Parágrafo único. A revisão do lançamento só pode ser iniciada enquanto não existindo o direito da Fazenda Pública."
O que pode ser notado aqui é que, se o sujeito passivo não realizar a conduta que lhe é determinada por lei nas modalidades de lançamento por declaração e por homologação, surge para o fisco o dever de lançar de ofício.
São lançados de ofício, por exemplo, o IPTU, o ITR e o IPVA (COÊLHO, 2000, p. 226).
1.6.3 LANÇAMENTO POR HOMOLOGAÇÃO
Essa modalidade tem sua matriz no art. 150 do CTN, verbis:
"Art. 150. O lançamento por homologação, que ocorre quanto aos tributos cuja legislação atribua ao sujeito passivo o dever de antecipar o pagamento sem prévio exame da autoridade administrativa, opera-se pelo ato em que a referida autoridade, tomando conhecimento da atividade assim exercida pelo obrigado, expressamente a homologa.
§ 1º O pagamento antecipado pelo obrigado nos termos deste artigo extingue o crédito, sob condição resolutória da ulterior homologação ao lançamento.

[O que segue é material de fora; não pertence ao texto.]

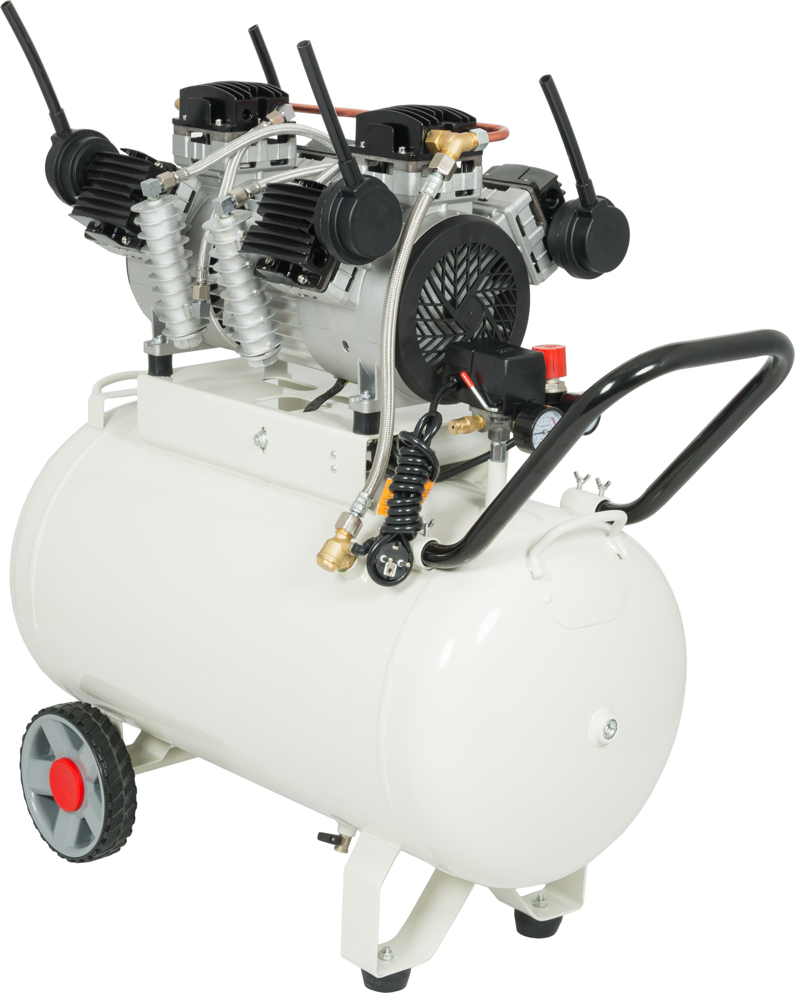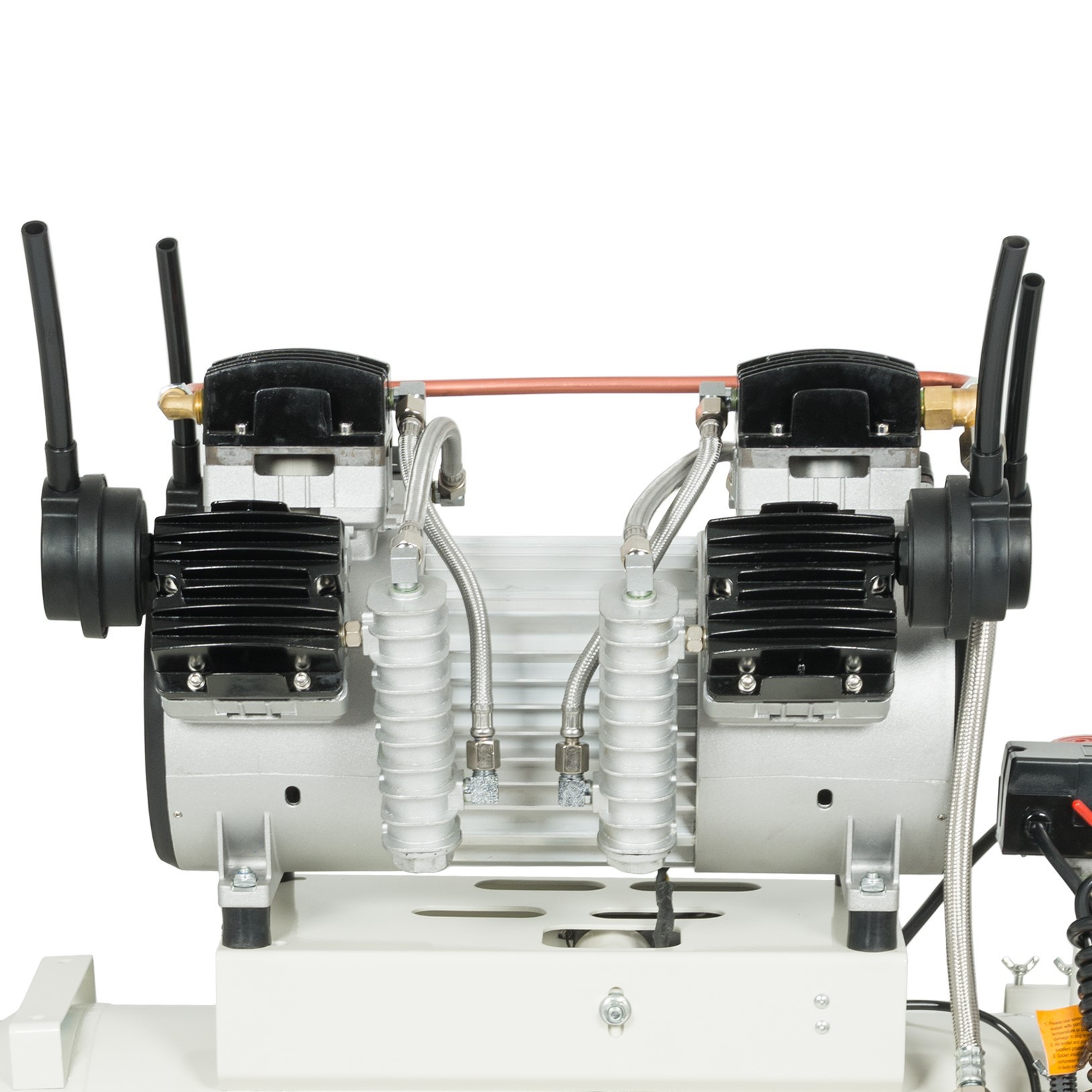 Bezolejowa pompa cechuje się cichą pracą - w porównaniu do sprężarek olejowych. Zastosowanie sześciu niezależnych tłoków (w tym dwóch tłoków odprężających) poprawiło chłodzenie pompy, a także znacznie podniosło sprawność, przez co kompresor cechuje się wysoką wydajnością przy stosunkowo niewielkim poborze mocy.

§ 2º Não influem sobre a obrigação tributária quaisquer atos anteriores à homologação, praticados pelo sujeito passivo ou por terceiro, visando à extinção total ou parcial do crédito.

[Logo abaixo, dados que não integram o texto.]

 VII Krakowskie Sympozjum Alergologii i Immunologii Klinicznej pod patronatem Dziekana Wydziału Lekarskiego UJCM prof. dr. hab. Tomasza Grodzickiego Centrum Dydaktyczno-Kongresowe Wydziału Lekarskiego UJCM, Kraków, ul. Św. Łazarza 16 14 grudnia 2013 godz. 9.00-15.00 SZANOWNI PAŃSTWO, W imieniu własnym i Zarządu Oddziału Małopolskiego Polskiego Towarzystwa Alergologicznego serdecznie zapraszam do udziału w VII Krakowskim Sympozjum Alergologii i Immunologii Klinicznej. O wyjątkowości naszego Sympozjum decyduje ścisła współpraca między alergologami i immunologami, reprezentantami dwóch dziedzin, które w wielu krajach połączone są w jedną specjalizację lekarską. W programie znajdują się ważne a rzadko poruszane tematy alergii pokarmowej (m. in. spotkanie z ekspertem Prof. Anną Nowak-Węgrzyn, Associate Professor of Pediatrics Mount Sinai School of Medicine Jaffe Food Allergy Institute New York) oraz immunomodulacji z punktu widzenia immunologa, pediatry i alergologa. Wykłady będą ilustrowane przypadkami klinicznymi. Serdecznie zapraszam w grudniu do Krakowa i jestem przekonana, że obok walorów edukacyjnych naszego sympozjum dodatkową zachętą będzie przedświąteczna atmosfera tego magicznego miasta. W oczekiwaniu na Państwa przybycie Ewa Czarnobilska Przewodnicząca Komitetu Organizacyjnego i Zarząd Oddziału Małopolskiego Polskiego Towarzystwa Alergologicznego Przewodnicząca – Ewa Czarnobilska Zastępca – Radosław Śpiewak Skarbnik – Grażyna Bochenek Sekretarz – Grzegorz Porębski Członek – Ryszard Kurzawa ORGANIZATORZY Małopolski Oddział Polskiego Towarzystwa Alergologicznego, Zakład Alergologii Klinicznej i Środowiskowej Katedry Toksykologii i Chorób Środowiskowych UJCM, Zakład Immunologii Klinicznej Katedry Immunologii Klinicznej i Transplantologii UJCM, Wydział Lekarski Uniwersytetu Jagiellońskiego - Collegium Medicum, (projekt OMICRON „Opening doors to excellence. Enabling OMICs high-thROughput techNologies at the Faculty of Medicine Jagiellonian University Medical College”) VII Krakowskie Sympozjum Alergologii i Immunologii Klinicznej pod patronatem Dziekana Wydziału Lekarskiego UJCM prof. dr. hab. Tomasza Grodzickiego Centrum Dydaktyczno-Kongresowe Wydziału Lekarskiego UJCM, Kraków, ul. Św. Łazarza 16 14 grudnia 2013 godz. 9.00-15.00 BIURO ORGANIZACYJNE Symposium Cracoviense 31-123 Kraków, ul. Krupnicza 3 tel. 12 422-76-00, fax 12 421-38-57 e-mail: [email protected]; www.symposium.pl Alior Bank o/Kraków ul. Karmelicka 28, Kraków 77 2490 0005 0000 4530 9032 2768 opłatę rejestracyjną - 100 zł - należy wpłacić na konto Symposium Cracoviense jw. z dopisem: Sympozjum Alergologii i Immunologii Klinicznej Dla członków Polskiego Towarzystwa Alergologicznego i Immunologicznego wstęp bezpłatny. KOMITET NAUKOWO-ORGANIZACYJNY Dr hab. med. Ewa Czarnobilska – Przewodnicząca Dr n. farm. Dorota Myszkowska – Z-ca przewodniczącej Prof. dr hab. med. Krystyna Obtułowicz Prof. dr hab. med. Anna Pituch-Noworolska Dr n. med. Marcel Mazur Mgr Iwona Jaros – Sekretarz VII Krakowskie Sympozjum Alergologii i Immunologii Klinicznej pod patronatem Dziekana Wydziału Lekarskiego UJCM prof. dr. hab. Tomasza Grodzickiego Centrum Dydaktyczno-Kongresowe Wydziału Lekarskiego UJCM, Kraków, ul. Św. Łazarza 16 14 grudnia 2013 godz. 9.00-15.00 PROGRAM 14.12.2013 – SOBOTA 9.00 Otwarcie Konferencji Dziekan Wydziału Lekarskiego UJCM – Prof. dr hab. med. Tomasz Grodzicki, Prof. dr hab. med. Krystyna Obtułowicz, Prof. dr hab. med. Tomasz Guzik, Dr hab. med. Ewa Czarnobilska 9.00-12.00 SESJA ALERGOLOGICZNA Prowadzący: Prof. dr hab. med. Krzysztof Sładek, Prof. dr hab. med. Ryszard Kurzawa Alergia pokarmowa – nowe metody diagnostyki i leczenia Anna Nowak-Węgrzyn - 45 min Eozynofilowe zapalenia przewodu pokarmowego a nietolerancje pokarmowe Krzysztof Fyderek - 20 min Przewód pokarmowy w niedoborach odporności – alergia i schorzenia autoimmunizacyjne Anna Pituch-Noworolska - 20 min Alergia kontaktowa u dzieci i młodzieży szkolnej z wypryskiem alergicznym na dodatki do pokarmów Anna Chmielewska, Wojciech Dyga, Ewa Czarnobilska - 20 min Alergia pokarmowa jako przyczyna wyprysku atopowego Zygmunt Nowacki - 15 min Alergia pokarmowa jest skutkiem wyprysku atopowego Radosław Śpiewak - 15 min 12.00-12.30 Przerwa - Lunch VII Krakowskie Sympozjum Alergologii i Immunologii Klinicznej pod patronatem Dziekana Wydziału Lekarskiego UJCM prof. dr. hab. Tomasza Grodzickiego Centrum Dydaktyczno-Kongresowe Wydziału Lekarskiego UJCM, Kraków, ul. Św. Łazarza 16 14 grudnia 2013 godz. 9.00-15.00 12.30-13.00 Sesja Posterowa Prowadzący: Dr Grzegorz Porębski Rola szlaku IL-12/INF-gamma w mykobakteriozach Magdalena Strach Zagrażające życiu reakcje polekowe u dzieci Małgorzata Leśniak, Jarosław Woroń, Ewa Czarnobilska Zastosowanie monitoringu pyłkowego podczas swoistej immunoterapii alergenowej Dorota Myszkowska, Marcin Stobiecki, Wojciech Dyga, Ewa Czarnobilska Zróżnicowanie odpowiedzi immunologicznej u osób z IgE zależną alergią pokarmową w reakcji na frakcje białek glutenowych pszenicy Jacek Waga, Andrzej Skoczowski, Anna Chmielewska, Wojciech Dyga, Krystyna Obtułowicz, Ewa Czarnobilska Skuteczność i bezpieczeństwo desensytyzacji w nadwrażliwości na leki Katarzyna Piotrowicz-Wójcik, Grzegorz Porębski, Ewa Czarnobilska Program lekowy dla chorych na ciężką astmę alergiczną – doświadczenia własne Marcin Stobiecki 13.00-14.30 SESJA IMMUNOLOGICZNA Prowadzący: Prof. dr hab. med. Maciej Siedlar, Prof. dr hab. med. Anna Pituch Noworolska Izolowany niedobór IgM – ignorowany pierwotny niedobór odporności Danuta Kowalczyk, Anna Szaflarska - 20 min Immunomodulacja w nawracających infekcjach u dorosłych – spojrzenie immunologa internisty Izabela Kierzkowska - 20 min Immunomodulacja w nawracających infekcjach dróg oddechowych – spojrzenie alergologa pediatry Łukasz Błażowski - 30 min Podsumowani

§ 3º Os atos a que se refere o parágrafo anterior serão, porém, considerados na apuração do saldo porventura devido e, sendo o caso, na imposição de penalidade, ou sua graduação.

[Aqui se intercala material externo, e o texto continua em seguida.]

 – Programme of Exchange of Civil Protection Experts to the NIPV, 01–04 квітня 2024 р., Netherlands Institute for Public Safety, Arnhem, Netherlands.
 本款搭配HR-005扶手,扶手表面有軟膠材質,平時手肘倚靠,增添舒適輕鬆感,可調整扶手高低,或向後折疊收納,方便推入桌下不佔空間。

§ 4º Se a lei não fixar prazo a homologação, será ele de cinco anos, a contar da ocorrência do fato gerador; expirado esse prazo sem que a Fazenda Pública se tenha pronunciado, considera-se homologado o lançamento e definitivamente extinto o crédito, salvo se comprovada a ocorrência de dolo, fraude ou simulação."
Nos termos expostos supra, ficou esclarecido que o lançamento é privativo da Administração.
Como se disse, nessa modalidade de lançamento, o fisco verifica a exatidão da apuração realizada pelo sujeito passivo.
Estando correto o valor recolhido, ocorre a homologação, com a extinção da condição resolutória, tornando-se definitivo o pagamento efetuado.
O termo "antecipado" previsto no caput e no § 1.º significa que o pagamento deve ser feito antes de o fisco efetuar o lançamento, ou sem aguardar que este seja realizado (AMARO, 2002, p. 352).
Não é antecipado em relação ao vencimento, que, se não observado, implicará mora do sujeito passivo, e as conseqüências pertinentes, como multa, juros, correção monetária etc.
Caso o sujeito passivo efetue o pagamento com atraso, mas antes do lançamento, e sem recolher os acessórios devidos pela mora, o valor pago será considerado, nos termos do §3.º supramencionado, ficando em aberto apenas o saldo.
Note-se que, embora o sujeito passivo realize a atividade que seria realizada pelo fisco na apuração do tributo devido, isso não é lançamento. Contudo, LUCIANO AMARO (2002, p. 354) anota que JOSÉ SOUTO MAIOR BORGES atribui a qualidade de lançamento a essa atividade do sujeito passivo.
De outro lado, quando a Administração fiscaliza o sujeito passivo e encontra os tributos apurados e recolhidos, obviamente que não é necessário realizar novamente a apuração, mas tão-somente conferi-la e, estando correta, homologá-la.
Com relação ao prazo para essa homologação será visto no capítulo seguinte.